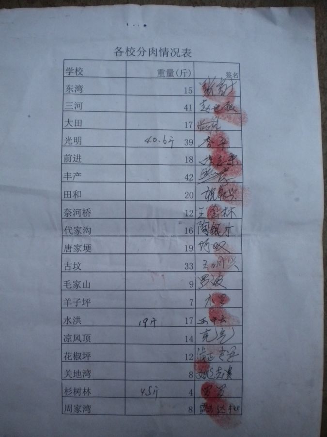 民主乡中心完小得到了捐赠的猪肉,考虑到更远的山村小学的学生也想吃,中心完小就把猪肉也分发给了民主乡里19所乡村小学,这些小学由于地处偏远,大多在大山深处,很多学校是一师一校,就是一个学校只有一个老师,两个班级约10几个学生,所以,也分给他们几斤肉,学生多的村小分到几十斤肉,大家一起过一个快乐的新年。
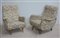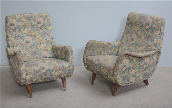 Coppia di poltroncine con struttura in legno, imbottite, rivestite in tessuto a fiori. Italia, anni '50. (cm 74x87x75) (gravi difetti)
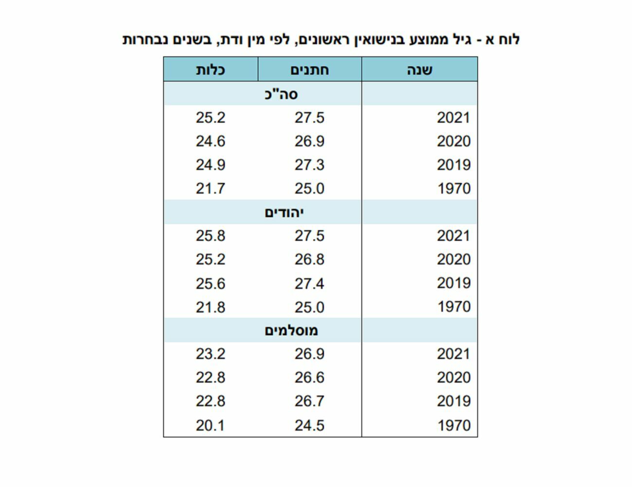 גיל הנישואין בממוצע בקרב החתנים שנישאו היה 27.5 בקרב כלל האוכלוסייה והן בקרב היהודים.

* _PROBLEM DESCRIPTION_
Reproduce the listing exactly, images omitted.

* _REPLY TO THE TASK_
 民主乡中心完小得到了捐赠的猪肉,考虑到更远的山村小学的学生也想吃,中心完小就把猪肉也分发给了民主乡里19所乡村小学,这些小学由于地处偏远,大多在大山深处,很多学校是一师一校,就是一个学校只有一个老师,两个班级约10几个学生,所以,也分给他们几斤肉,学生多的村小分到几十斤肉,大家一起过一个快乐的新年。
 Coppia di poltroncine con struttura in legno, imbottite, rivestite in tessuto a fiori. Italia, anni '50. (cm 74x87x75) (gravi difetti)
 גיל הנישואין בממוצע בקרב החתנים שנישאו היה 27.5 בקרב כלל האוכלוסייה והן בקרב היהודים.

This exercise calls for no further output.